Genellikle gezdiğim fotoğraf sergilerinde, ışık, kadraj, net alan derinliği, kompozisyon gibi fotoğrafa dair teknik kurallara dikkat ederim. İlk defa, bir serginin tanıtım yazısını okuduğumda; tüm teknik kuralları unutuyorum.

“Umutları Ertelenen Çocuklar” isimli sergi ve albüm fotoğrafları, Mart 2011 – Mart 2012 arasında Türkiye’deki beş kadın cezaevinde ( İstanbul Bakırköy, Ankara Sincan, Adana Karataş, Eskişehir Çifteler ve Denizli Bozkurt ) anneleri ile birlikte hapsolan 0-6 yaş çocuklar ve onların hükümlü anneleri ile yapılan fotoröportaj çalışmasında çekilen fotoğraflardan oluşuyor.

Adalet Bakanlığı’nın 2012 verilerine göre, 479 çocuk hapishanelerde yaşamlarını sürdürüyor. 3-6 yaş arasındaki çocuklar, kreşe gidebiliyor. 0-3 yaş arasındaki çocuklar, oyuncaksız ve arkadaşsız kadın mahpuslar arasında hayatını geçiriyor.

Çocuklar yaşamın renklerinden uzak kaldıkları için, bazı hapishanelerde duvarlar ve demir parmaklıklar çok renkli.

Fotoğrafçılar, hapishanedeki anne-çocuk olgusunu, siyah-beyaz fotoğrafın dramatik, etkileyici yönünü göz ardı ederek, tamamen gerçek renkleriyle yansıtmayı tercih etmişler. Sistem tarafından görülmeyen / gösterilmeyen “masum mahkümların” yaşamlarına dokunmayı hedeflemişler.

Bu serginin amacı, kamuoyunda farkındalık yaratıp, mahpus çocukların daha iyi koşullarda büyüme ve gelişmelerini sağlayacak çözüm yollarını tartışmaya açmak.”
Her fotoğraf karesi önünde durup, dikkatle izlerken; “iyi ki bulaştı bana bu fotoğraf tutkusu” diye iç geçiriyorum.
Sergide fotoğrafı olan sanatçılarla görüşememenin hüznü ve sergi defterine duygularımı yazarken hissettiğim heyecanla çıkıyoruz sergiden.
Kadıköy Çarşı içinde, ilk buzlu rakı kadehlerimizi kaldırdığımızda; Edebiyat dünyasındaki şair, yazar dostlarımla sohbeti çok özlediğimi anlıyorum.

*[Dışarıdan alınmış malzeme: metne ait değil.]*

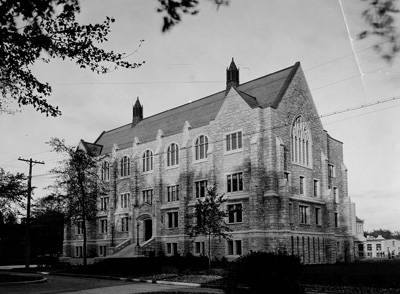 This Douglas Library is the oldest of Queen's libraries. The southern half of the building was completed in 1923-4 and is faced with Kingston limestone; the northern part, built in the same neo-gothic style but faced with Queenston limestone, was added in 1966 and features three underground floors.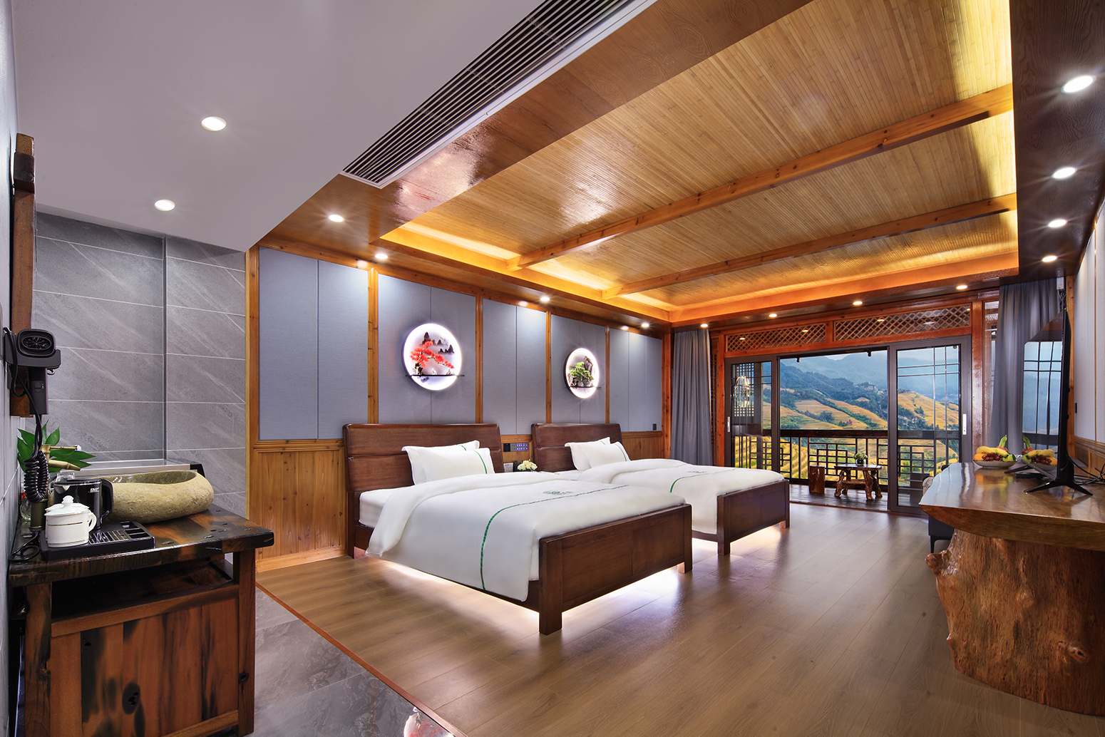 友绿·智能梯田日出双床房(冰箱+洗衣机+私享露台)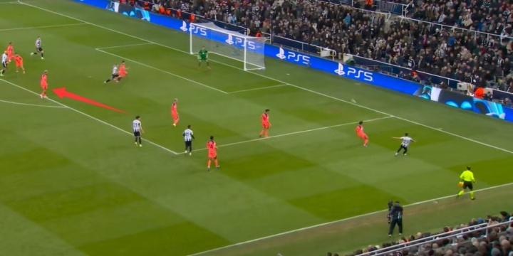 紐卡球門球開出后阿勞霍得以回到場內(nèi),他小跑回本方后場,但到了禁區(qū)弧頂就沒有再往禁區(qū)內(nèi)移動,結果巴恩斯在禁區(qū)內(nèi)無人盯防輕松破門。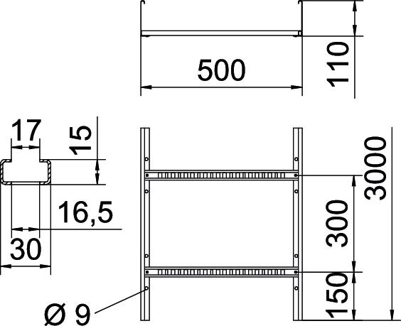 产品描述电缆梯架,带开孔侧围,侧高110 mm,带向上开口的铆接C形型材横杆。

Şiir ve öyküler üzerine uzunca sohbetler edip, ortak dostlarımızın kulaklarını çınlatıyor ve daha sık, görüşme ve sohbet etme dileklerimizle ayrılıyoruz sevgili dostum Murat ile Kadıköy’de.
Sonrası, bildiğiniz gibi.
Yürüyen merdivenler, turnikeler ve metro.

Metro içi tren bekleme koridoru gecenin bu saatinde çok kalabalık.
Elimde, sergiden aldığım fotoğraf albümleriyle, genç birinin arkasında ve ilk sıralarda beklemedeyim.
Tren geliyor, herkes binmeye başlıyor. Önümdeki genç adam çok yavaş. Bir hamle yapıp önüne geçsem oturabilirim belki.
Hayır, geçmiyorum. Genç adam nazlanarak biniyor trene. Ben de sabırla peşinden geçiyorum. Kapı girişindeki üç tutacaklı profillerde, birlikte ayaktayız şimdi.

Bir sonraki durağın adını anons ediyor pilot kadın sesi “Ayrılık Çeşmesi”
Ayrılıyoruz beni ayakta bırakan genç adamla bu durakta. Onunla çok kişi iniyor bu durakta.
“Bir durak için mi bindi bu insanlar trene? Ben olsam bir durağı yürürdüm” diye düşünürken anlıyorum ki; Kartal’dan gelen trene binip Kadıköy’de oturarak gitmeyi planlıyor bu insanlar.

Üç tutacaklı profile genç bir çift geliyor şimdi. Parlak, beyaz ve dolgun yüzlü genç kadının saçlarından bir kaç tel dağılmış ve yanaklarına yapışmış. Eşi, ya da sevgilisi, parmak uçlarıyla tutup, o saç tellerini tek tek ayırıyor kadının yanaklarından. Yalnızca bir saç teli, bana yakın kaşı ve kirpiği üzerinden yanağında kalıyor kadının. Dudağımda hınzır bir tebessüm ile genç adamın bu saç telini de fark etmesini bekliyorum.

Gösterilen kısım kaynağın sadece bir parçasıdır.